The most common is forgetting to set the mode. A neural network can classify or predict a number, so parsnip cannot guess which one you want and fit() fails until you call set_mode().

RMode must be set before fitting
# Wrong: no mode, fit() cannot dispatch mlp(hidden_units = 5) |> set_engine("nnet") |> fit(Species ~ ., data = iris) #> Error: Please set the mode in the model specification. # Right: set the mode first mlp(hidden_units = 5) |> set_engine("nnet") |> set_mode("classification") |> fit(Species ~ ., data = iris)

  

The second pitfall is leaving predictors on different scales. A neural network is sensitive to input magnitude, so a wide-range column dominates training. In a workflow(), add step_normalize() to a recipe so every predictor is centered and scaled. The third is asking the nnet engine for too many weights, since it caps the network size and errors with too many weights when hidden_units is large.

Warning
A neural network gives different results across runs unless you set a seed. Weight initialization is random, so two fits of the same mlp() specification can disagree. Call set.seed() before fit() to make the network reproducible.

Try it yourself

Try it: Fit a classification network on iris with 4 hidden units and penalty = 0.05, then predict the class for the 120th row. Save the prediction to ex_pred.

RYour turn: classify iris with mlp
# Try it: fit a 4-unit mlp, then predict row 120 ex_spec <- # your code here ex_fit <- # your code here ex_pred <- # your code here ex_pred #> Expected: a 1-row tibble with .pred_class = virginica

  
Click to reveal solution
RSolution
set.seed(42) ex_spec <- mlp(hidden_units = 4, penalty = 0.05, epochs = 100) |> set_engine("nnet") |> set_mode("classification") ex_fit <- ex_spec |> fit(Species ~ ., data = iris) ex_pred <- predict(ex_fit, new_data = iris[120, ]) ex_pred #> # A tibble: 1 x 1 #> .pred_class #> <fct> #> 1 virginica

  

Explanation: The hidden_units argument sizes the hidden layer at 4, and set_mode("classification") tells parsnip to predict the Species factor. Row 120 of iris is a virginica flower, so the trained network labels it virginica.
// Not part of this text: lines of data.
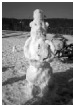
▲どこかおしゃれな雪だるま

い思いに公園での休日を楽しんでいます。 また、散歩道がきれいに整備されていることから、ベビーカーで散歩を楽しんでいる親子も多く見かけます。 子供たちにとってもこの公園は大変魅力的なところで、木登りやぶらんこ、雨上がりにはカタツムリなどを探したり、風が強い日には、子供たちが手作りのカラフルなたこを持ち寄り、競うようにたこ揚げを楽しんでいます。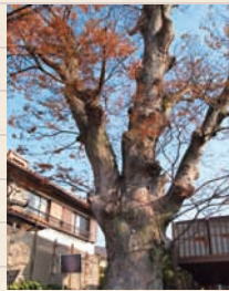
▲「葛羅井のケヤキ」 名木10選の一本。道ばたにどっしりと立っている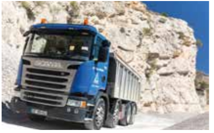
Flotte Bronzo Perasso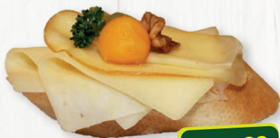
Brötchen mit Käse (nach Auswahl)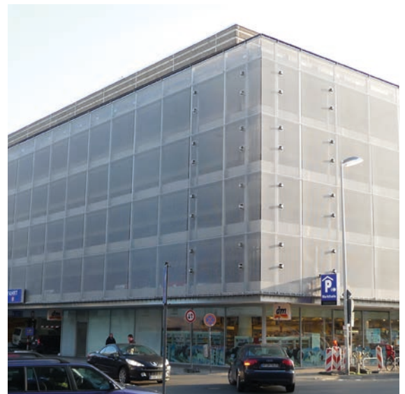
Parkhaus nach der Modernisierung

Die der SPECHT KALLEJA + PARTNER ARCHITEKTEN GmbH übertragene Modernisierung umfasste ausschließlich Maßnahmen im Fassadenbereich. Im Zuge dieser Modernisierungsarbeiten wurden die bestehenden Brüstungselemente aus Waschbeton demontiert und durch eine vollflächige Edelstahlgewebefassade ersetzt. Des Weiteren wurde der Anprallschutz im Objekt durch hinter Brüstungen gelagerte Hochborde erreicht.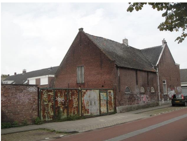
Bieuwstr 174 Da

Nr. 174 is de boerderij op de hoek. Deze stond er al eerder dan het bouwarchief werd opgericht, toen nog een eenlaagse gevel met de deur in het midden. De bijbouw aan de rechterkant stond er ook al. De oudste gegevens uit het archief zijn van 1914 toen er door N.Q. Priems iets aan de grote schuur direct achter de boerderij werd aangebouwd. In 1935 heeft B. Priems in de bijbouw een melkwinkel aangebracht, aan de linkerkant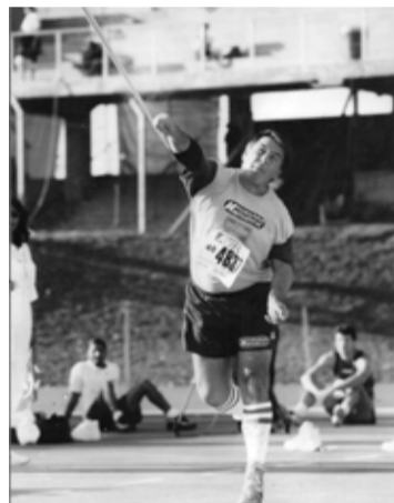
1994-ben Hamburgban, az Allianz Olimpián gerelyhajításban aranyérmet szerzett

– Mennyiben változott meg az élete 2012 után?

mlp() works alongside the rest of the parsnip model family. These functions cover the neighboring tasks in a tidymodels project.

  • rand_forest() defines a random forest ensemble of decision trees.
  • boost_tree() defines a gradient-boosted tree model.
  • logistic_reg() defines a logistic regression classifier baseline.
  • set_engine() chooses the computational backend for any specification.
  • fit() trains a specification on data and returns a model object.

FAQ

What package is mlp() in?

mlp() ships in core parsnip, so library(tidymodels) or library(parsnip) makes it available. The function only describes the network, though, and the actual fitting happens in an engine package. The default engine is nnet, a recommended R package that is usually installed already, so most users can fit an mlp() specification without installing anything extra.

What is the default engine for mlp()?

The default engine is nnet, which fits a single-hidden-layer neural network in base R. Name it explicitly with set_engine("nnet") for clarity. To see every registered backend, run show_engines("mlp"), which lists nnet, brulee, keras, h2o, and a few others. Pick nnet for a fast baseline and switch only when you need a specific feature.

How many hidden layers does mlp() support?

The parsnip mlp() function builds a single hidden layer, which is what makes it a classic multilayer perceptron. For two hidden layers, parsnip provides mlp(engine = "brulee_two_layer"). Deeper architectures are outside the parsnip interface and call for keras or torch directly.

How do I tune the network size in mlp()?

Set hidden_units = tune() and penalty = tune() in the specification, then pass it to tune_grid() with a resampling object such as vfold_cv(). The framework scores each combination with cross-validation. Use select_best() to pick the winner, then finalize_workflow() to lock the values before the final fit.

Why do my mlp() predictions change every run?

A neural network starts from random weights, so each fit can land on a different solution. Call set.seed() immediately before fit() to make the result reproducible. Inside a tuning workflow, the resampling object also carries a seed, so set it once at the top of the script for consistent runs.

For the full argument reference, see the parsnip mlp() documentation.